税理士の損害賠償責任における損益相殺

1 損益相殺とは?

税理士が依頼者に対し損害賠償責任を負う場合において、依頼者が損害を被る一方で利益を受ける場合には、損益相殺により、依頼者の利益の額が税理士の損害賠償額から控除されることがあります。

損益相殺とは、債務不履行における債権者や不法行為による被害者が、損害を受けると同時にこれと同一の原因によって利益を得る場合、その利益の額を損害賠償額から控除することです。
例えば、人身の被害による損害の賠償額の算定にあたり、将来の推定収入から生活費が控除されるのは損益相殺の考え方によるものです。

損益相殺は、民法上、明文の規定はありませんが、古くから判例で認められています(大審院大正2年10月20日判決(死亡による逸失利益から生活費を控除)など)。

近年の判例も、被害者が不法行為によって損害を被ると同時に、同一の原因によって利益を受ける場合には、損害と利益との間に同質性がある限り、公平の見地から、その利益の額を被害者が加害者に対して賠償を求める損害額から控除することによって損益相殺的な調整を図る必要がある旨を判示しています(最高裁平成5年3月24日大法廷判決)。

2 税理士の損害賠償責任における損益相殺の処理

消費税のように、その支払が損金や必要経費に算入される税金については、当該税金(消費税)の納付額が増加すると、他の税金(法人税や所得税)の納付額が減少することになります。
そのため、依頼者が、税理士の税務申告等に関する誤った処理によって、ある税金の納付額が増加して損害を被るとともに、他の税金の納付額が減少して利益を得るような場合には、税理士の損害賠償責任における損益相殺の処理が問題となります。

(1)消費税の過大納付額が損金に算入されることによる法人税等の減額分について損益相殺が認められた事例

裁判例(東京地裁平成13年10月30日判決)は、税理士が、依頼者の業務形態を十分に調査しないまま簡易課税制度を選択させた過失によって、依頼者に対し、本則課税制度を選択した場合よりも多額の消費税を負担する損害を与えたという事案において、消費税の過大納付額の損金算入による法人税等の減額分について損益相殺を認めています。

この事案では、依頼者は、税理士の過失により、過大な消費税を納付する損害を被っていますが、一方で、法人税等の納税額の算出に際しては消費税が損金に算入されることから、消費税の過大納付額に法人税等の負担率を乗じた額の法人税等の納税義務を免れています。

この点について、裁判所は、依頼者が法人税等の納税義務を免れた額の利益を得たものと認められるとして、この利益を税理士の損害賠償額から控除されるべきものとしており、法人税等の減額分についての損益相殺を肯定しています。

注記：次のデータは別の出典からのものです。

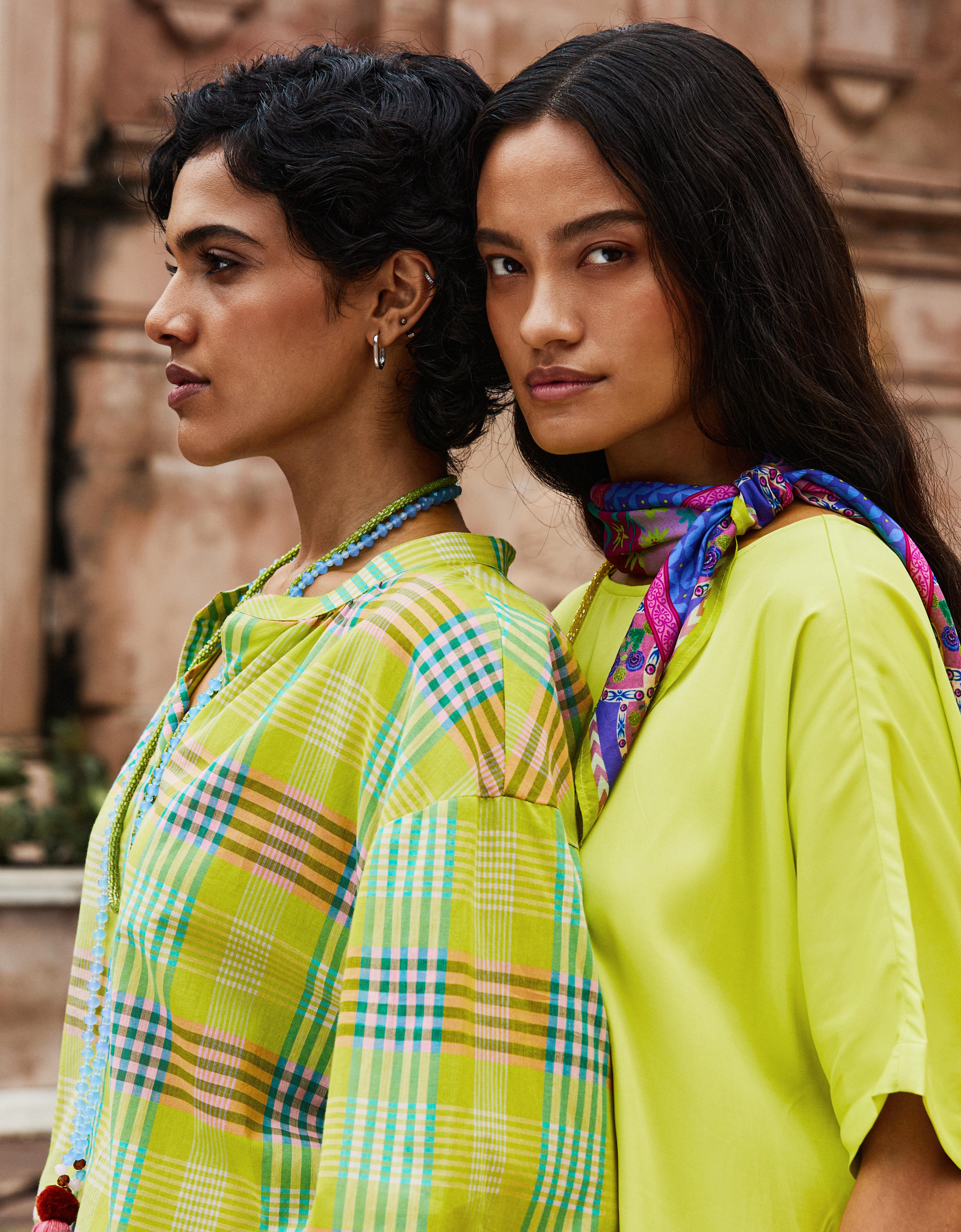 Sommerbluse aus Viskose, die sich schwer und dick anfühlt, in einfarbigem Gelb. Perfekt zu kombinieren als Set mit dem Rock in derselben Qualität für einen stilvollen, passenden Look.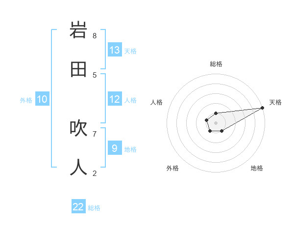 岩田 吹人さんの天格は13画の5点!
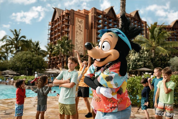 ここでは、ハワイらしい衣装をまとったディズニーキャラクターたちに会えるのも大きな魅力です。しかも、ただ写真を撮るだけではなく、プールサイドのイベントや朝食、キッズ向けアクティビティなど、キャラクターとふれあえるチャンスがリゾート内のあちこちに用意されています。

(2)消費税の還付不能額が固定資産の減価償却費に計上されることによる所得税等の減額分について損益相殺を否定した事例

裁判例(東京地裁平成24年12月27日判決)は、税理士が、消費税の課税事業者選択届出書を提出すべき時期に提出しなかった過失によって、依頼者に対し、消費税の還付不能額の損害を与えたという事案において、損益相殺を否定しています。

この事案では、依頼者は、建築中の賃貸用共同住宅の工事代金に係る消費税の還付を受けることを企図して税理士と委任契約を締結し、一旦は消費税の還付を受けていますが、税理士が課税事業者選択届出書を提出すべき時期に提出していなかったことから、その後の更正処分によって、還付された消費税を返還しており、消費税の還付不能額の損害賠償を税理士に求めました。

これに対し、税理士は、還付されなかった消費税は賃貸用共同住宅等の取得価格に加算されることにより(消費税について税込経理方式を選択していたものとみられます)、賃貸用共同住宅等の減価償却費が増加することから、依頼者の課税所得額が減少して所得税等が減額されるとして、その減額分について損益相殺を主張していました。

この点について、裁判所は、依頼者に対する所得税等の減額は、依頼者の所得の有無及び多寡等により、減額が生じるか否か、減額が生じるとしてもその額が異なり得ることから、税理士の義務違反によって生じた利益とはいえないとして、所得税等の減額分についての損益相殺を否定しています。

この裁判例は、消費税の還付不能額が減価償却費に計上されることにより所得税等が減額されることについて、依頼者の課税所得の有無や多寡等によって左右されることを考慮して、依頼者の所得税等の減額による「利益」は実質的に存在しないものと判断したと考えられます。

3 まとめ

損害賠償制度は、不法行為の被害者や債務不履行における債権者に生じた損害を、加害者や債務者に賠償させることにより、被害者らが被った不利益を補填して、不法行為や債務不履行がなかったときの状態に回復させることを目的としています。

一方、損益相殺は、不法行為の被害者や債務不履行における債権者が、損害賠償制度により不利益を補填されることがあっても、利益を得ることは認められないという考え方に基づくものです。

税理士が依頼者に対し損害賠償責任を負う場合において、依頼者が何らかの損害を被ると同時に、同一の原因によって利益を受けるような場合には、損害賠償額の算定にあたり損益相殺に留意することが重要となります。